When California Gov. Jerry Brown signed Senate Bill 100 (SB 100), the law requiring California to source 100 percent of its electricity from renewable energy and other zero-carbon sources by 2045, he did exactly what the whole world should be doing: He set the goal for a meaningful attack on the existential threat of climate change.
But the difference between a good idea and a good idea that works is, well, work. SB 100 is a mandate, not a plan. A lot of work will have to go into the plan to meet this goal.
It’s likely this work will follow the 80-20 rule: The first 80 percent of the goal will be 20 percent of the effort, and the last 20 percent will be 80 percent of the effort. Choices made during the first part of the plan’s implementation could make the second part much more difficult — or even unachievable. Therefore, there must be careful thought about how to approach this problem.
Providing the best chance for success
The drafters of SB 100 wisely did not limit the technologies that could go into this solution. The act focuses on eliminating emissions and does not presume to know exactly how this goal might be achieved. Had they specified that it should be all renewable energy, for example, reaching the emission goal would be much more difficult. Beyond this ambitious legislation, Governor Brown also issued an aggressive executive order requiring the state to be carbon-neutral economy-wide in the same time frame.
A healthy economy doesn’t only depend on the electric generation capacity that’s installed; it also depends on delivering the kilowatts when people need them. By keeping the door open for a wide range of technologies, the law’s authors gave the state the best chance possible to find an economical solution to the problem of a reliable, emission-free electricity system.
The elephant of feasibility
The question of feasibility resembles the parable of the blind men examining the elephant.
Engineers see feasibility as a technical problem: Does the technology that solves the problem actually exist, and can it be deployed at scale in time? Economists look at cost and the ability to achieve the goal in time through market forces that don’t ruin the economy. The public and elected officials react to the social feasibility.
Although each of these focal points is important, technical feasibility must come first. The question of whether a given technology actually will fix a problem is more pressing than questions of cost and popularity.
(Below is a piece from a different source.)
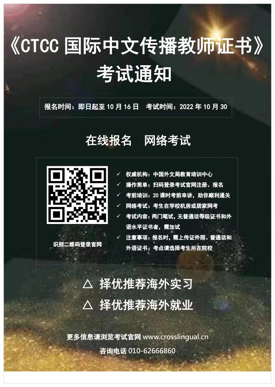 CTCC国际中文传播教师证书考试通知
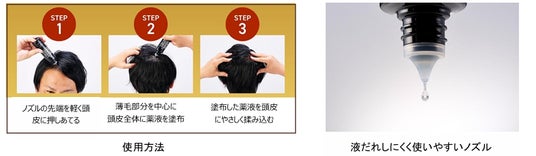 毎日使用する育毛剤だからこそ、使用感にも徹底的にこだわり、塗布時に液だれしにくいノズル、ベタ付きを抑える処方設計にしています。地肌のことを考えた弱酸性で、パラベン、シリコーン、着色料は使用していません。

How to build a reliable system
From a physical perspective, what are the component parts of a reliable future electricity system with no emissions? Most people are aware of fuel-free resources such as wind and solar. However, while these fuel-free resources do not incur emissions, they are, in general, intermittent.
Two other types of resources would help round out a reliable system: firm resources and flexible resources. Firm resources are there all the time and form the backbone of the electricity system. Flexible resources can be deployed on demand, and these can meet peaks in demand when fuel-free resources are not available. All three types of resources must be emission-free. One good way to think about this problem would be to examine the emission-free resources in each of the three categories and evaluate the technical, economic and public acceptance feasibility of each.
What’s the best combination?
Many technically feasible solutions will be very expensive or publicly unacceptable, so work has to be done to make these options less expensive and more acceptable.
For example, California might turn to wave power as a firm resource; the ocean always has waves. Or the state might build transmission to import wind power from Wyoming, where the wind seems to blow all the time. Solar-thermal methods store heat to make power later and can be constructed as firm resources. Nuclear power potentially could provide massive amounts of firm power without emissions.
Is carbon sequestration feasible?
Flexible resources will likely demand the highest prices. Energy storage represents a form of flexible energy, and batteries that store energy are improving rapidly but remain extremely expensive alternatives. In a system with 50 percent renewable resources, there can be long periods of time when they don’t produce electricity. Therefore, even with advances, batteries seem unlikely solve this problem in the next few decades.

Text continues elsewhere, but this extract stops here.